Read on for my predictions on how businesses
should navigate the shifting cybersecurity landscape:
The
Imperative for CISOs to Fortify API Security Posture
Looking back at 2023 data breaches, it's clear
that vulnerable APIs were the preferred attack vector for hackers - much as Gartner
predicted. Part of the reason why APIs are such an attractive entry
point for breaches like Twitter, Optus, and CircleCI is the fact that other
companies host third-party APIs: it means that a developer can't see the source
code, so they cannot possibly know how their data is used and stored and most
importantly, these assets are not within the traditional perimeter, meaning
that traditional security controls don't apply to them.

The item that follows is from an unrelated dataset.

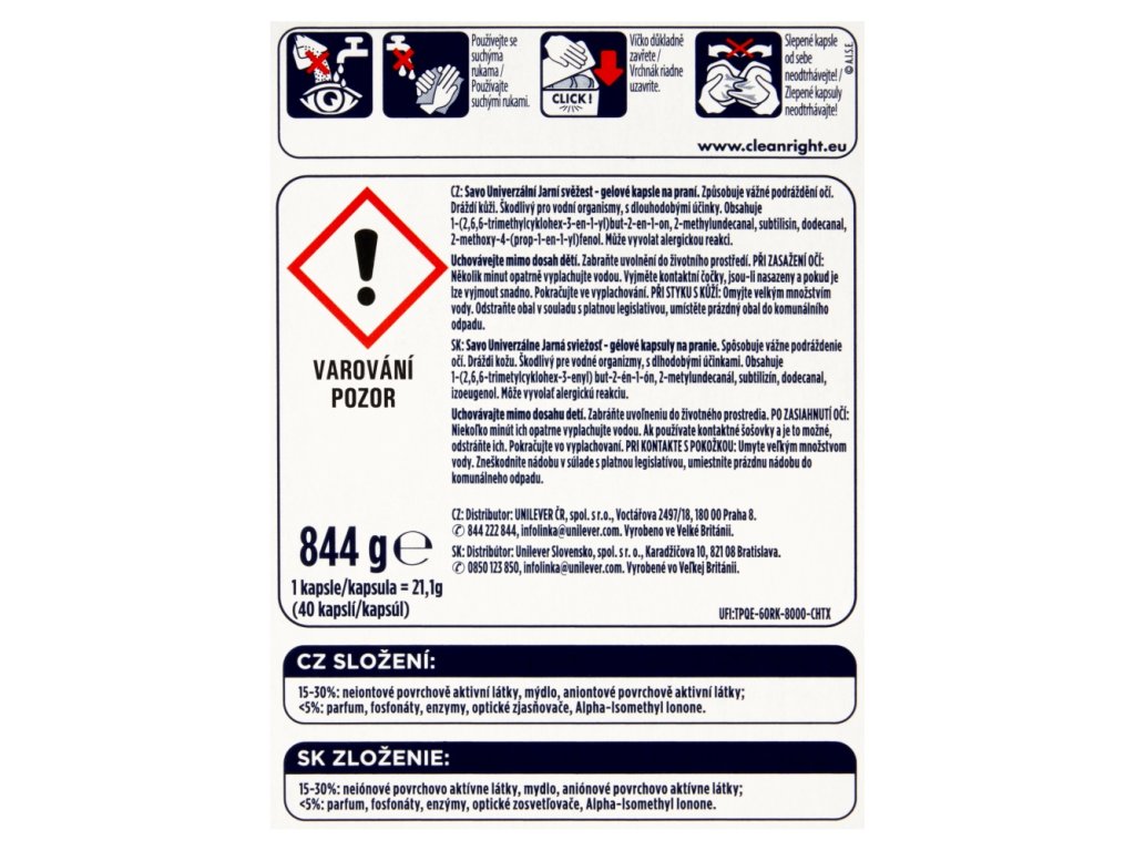 Nemusíte složitě vzpomínat, do jaké nádržky patří jaký prostředek. Kapsli snadno a rychle vložíte mezi prádlo a na praní nemusíte nějakou chvíli myslet. Univerzální gelové kapsle jsou díky svému složení vhodné na všechny barvy prádla. Můžete se těšit na stejnou barevnou intenzitu prádla i po mnoha vypráních. Díky kapslím konečně vyperete i skvrny, aniž byste prádlo předtím jakkoli předpírali. V balení pracích kapslí SAVO se jich ukrývá 40 ks. S těmito kapslemi už nemusíte nosit domů těžké prací prášky a gely.

In 2024, CISOs and front-line security
professionals will start to truly recognize the importance of a mature API
security posture - featuring a complete inventory of APIs and the data they
transmit, followed by an automated test program and continuous monitoring. This
emphasis on API security will be a stark change from the past three to four
years, which focused more on infrastructure-based attacks.
Cloud
Emerges as the Next Battlefield for DSPM Dominance
The uptick in M&A activity within the
cyber sector in 2023 will continue into 2024 as major players in the space try
to put their stake in the DSPM game. The cloud is cybersecurity's new
battleground, with tool sprawl and solution siloes creating backdoors for
threat actors. Expect industry leaders to borrow the wisdom of tool
consolidation and seek acquisitions that will bolster their platforms and
achieve data visibility at scale.
Having just sold my company - ASPM vendor
Bionic - to CrowdStrike, I'm intimately aware of the necessity for cloud
security vendors to expand their proactive and reactive offerings for security
teams fending off sophisticated AI-powered attacks.
Moving
Beyond CVSS in Vulnerability Assessment
Since 2016, new vulnerabilities reported
each year have nearly tripled. With the number of discovered
vulnerabilities increasing at an exponential rate, organizations need to move
past CVSS for vulnerability prioritization in 2024 and toward context risk
scoring. While CVSS demonstrates how easily a package can be hacked, it fails
to provide more detail on how an organization uses an application, where it's
deployed, data connections, and exploitability. That context is crucial for
rapidly prioritizing and fixing critical threats before they impact the
business.
By moving toward context risk scoring in 2024,
businesses will be able to turn down the noise from irrelevant security alerts
and refocus professionals' attention on the 5-10% of alerts that are
exploitable and create business risk. This is especially important as the surge
in applications and shift to continuous delivery in the coming year will
introduce new attack surfaces and attack vectors at an unimaginable rate.
##
ABOUT THE AUTHOR
Eyal Mamo is VP of Engineering at
CrowdStrike. Prior to joining CrowdStrike, Eyal co-founded and served as CTO at
application security posture management (ASPM) company Bionic, which was
acquired by CrowdStrike in 2023. Prior, Eyal served as
entrepreneur-in-residence at YL Ventures, an American-Israeli venture capital
firm that specializes in seed stage cybersecurity investments. He also was VP
R&D for cyber deception startup Cymmetria, and served six years in the
Israeli Defense Force's Unit 8200, the country's largest and most renowned
intelligence corp that specializes in signal intelligence, cybersecurity and
code decryption.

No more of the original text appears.